Texas has seen its worst measles outbreak in nearly 30 years.
But Texas’ measles outbreak has largely affected the unvaccinated, like the Mennonites, an Anabaptist Christian group whose members are typically underimmunized.
Since January, the measles outbreak in Texas has risen to over 700 cases, necessitating 92 hospitalizations and the deaths of two unvaccinated children.
However, new data shows that more parents are taking important precautions to keep their youngest children safe.
Twenty percent of Texas children under the age of two who received a measles vaccination did so early in order to help prevent the illness, according to Truveta, a health care data and analytics company.
In March, the CDC announced that children can receive measles vaccinations as early as six months of age, despite the Centers for Disease Control and Prevention’s standard recommendation that children receive measles vaccinations beginning at age one.
Truveta discovered that in March and April 2025, a significantly higher proportion of children received vaccinations beginning at 6 months of age than in 2019, when the U. A. had a measles outbreak, resulting in 1,261 cases overall.
This data is good news, according to Nina Masters, senior applied research scientist at Truveta, who spoke to HuffPost.
Parents are attempting to protect their children at a young age, she said.
The measles outbreak in Texas is the worst in almost three decades. According to the CDC, the best defense against measles, a viral respiratory disease that is among the most contagious, is vaccination.
Robert F. Kennedy, Jr. has long been at the forefront of disseminating conspiracy theories regarding vaccines as the secretary of health and human services.

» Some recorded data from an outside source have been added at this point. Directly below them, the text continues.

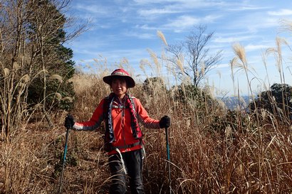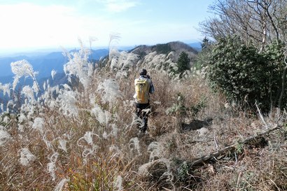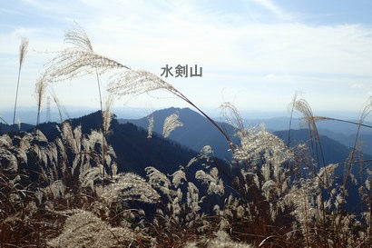 すすきが美しい稜線を林道登山口方面へ下る | すすきの穂先越しに見える水剣山(宍粟50名山) | |
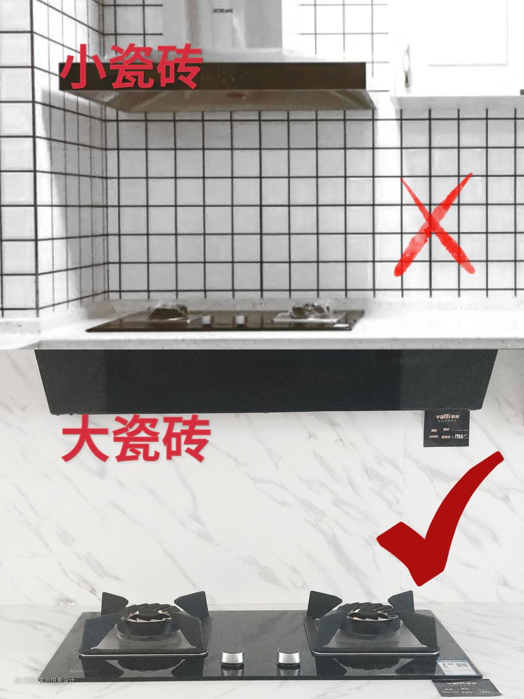 7️⃣瓷砖不建议选择小砖❌,不是很美观看起来比较小气,即使使用了美缝,缝里也非常容易积油,就容易发黄比较难清理🆘。这几年非常火的珐琅板,价格比较贵但是比较美观,而且方便清洗。不好的就是容易脱落,本质上就是搪瓷铁皮,好的地方是美观且能磁吸把厨具挂墙上。建议选择大瓷砖,美观,比小瓷砖好打理,价格也比珐琅板便宜,性价比之选💯。大瓷砖尺寸规格建议选择400*800的,地柜和吊柜之间高度一般都是80公分左右,正好做两块,中间就只有一条缝。或者选用800*800,正好一块,其他看不见的地方可以使用边角料或者杂砖。
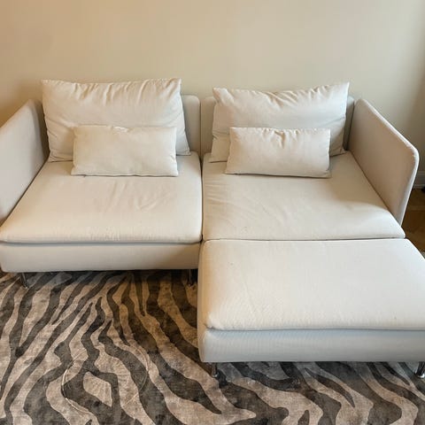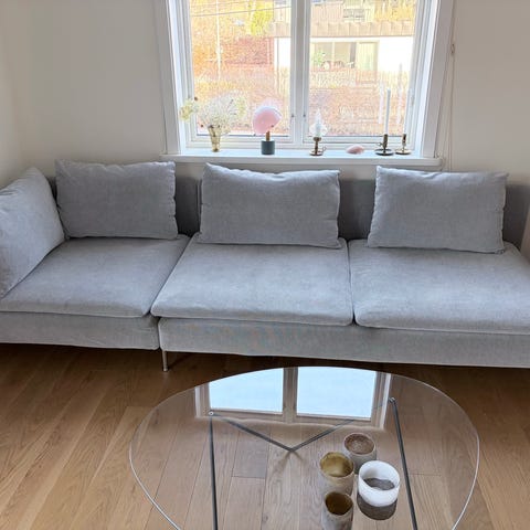 Tresitsaren på höger sida ingår alltså inte, bara delarna som nämns ovan. Väldigt fin och fräsch - passa på att fynda en i princip helt ny soffa!

Although he still promotes alternative treatments and characterizes vaccination as a personal decision, Kennedy acknowledged at the funeral of an unvaccinated 8-year-old Texas girl who died of measles last month that the MMR vaccine is the most effective method of preventing the illness.

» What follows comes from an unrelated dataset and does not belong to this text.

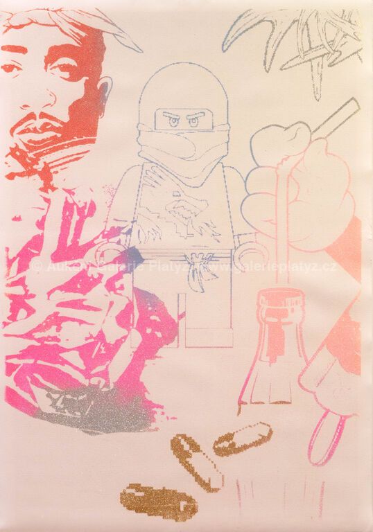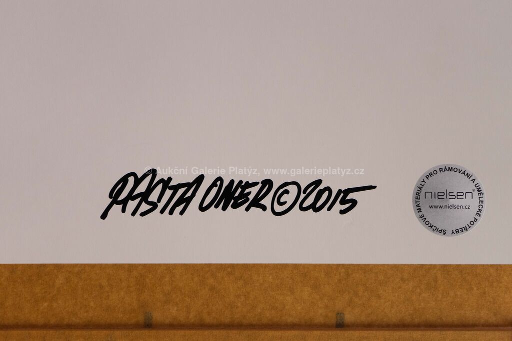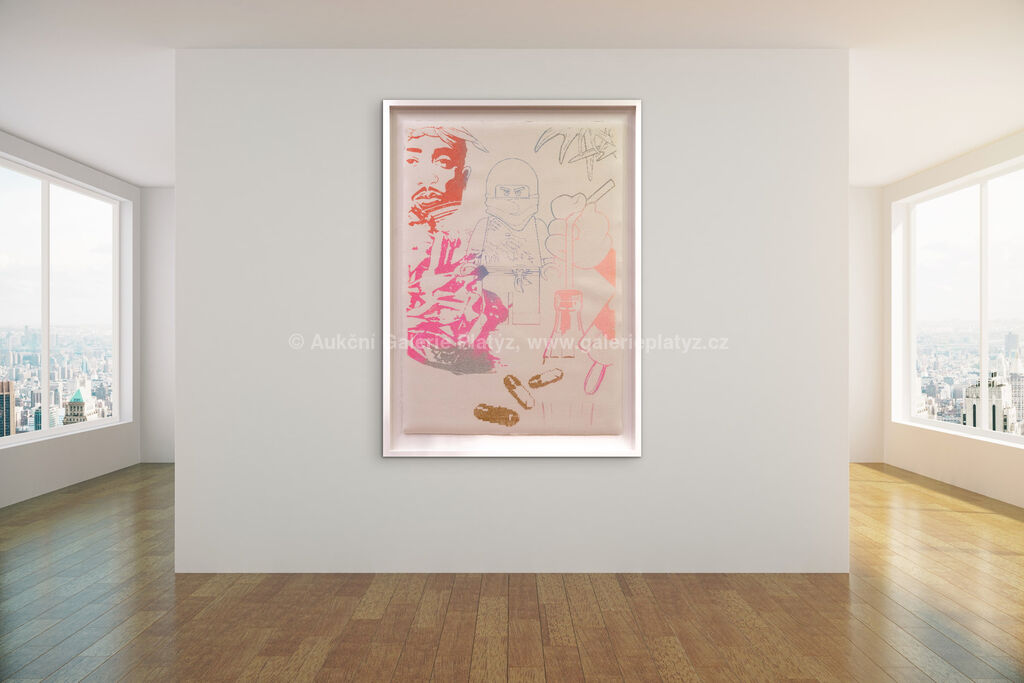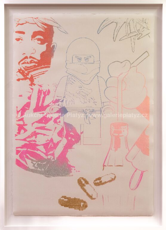 třpytky/ruční papír, rozměr listu cca 102 x 71 cm, značeno a datováno na zadní straně, zaskleno, rámováno, přiložen Certificate of Authenticity vystavený autorem

Although Katherine Wells, the director of public health for the city’s health department in Lubbock, Texas, did not reply to HuffPost’s inquiry, she did tell NBC News in February that the department has been vaccinating children from families who previously did not believe in vaccines.
Wells told NBC News, “People are getting more and more anxious.”. Several children who had never received a vaccination before have received one from us; some of these children came from households that didn’t support vaccinations. “”.
The data from Truveta only included kids who were seen by a doctor or other healthcare provider at least three times during their first year of life. However, the measles outbreak in Texas has primarily impacted those who are not vaccinated, such as the Mennonites, a Christian Anabaptist group whose members are generally underimmunized.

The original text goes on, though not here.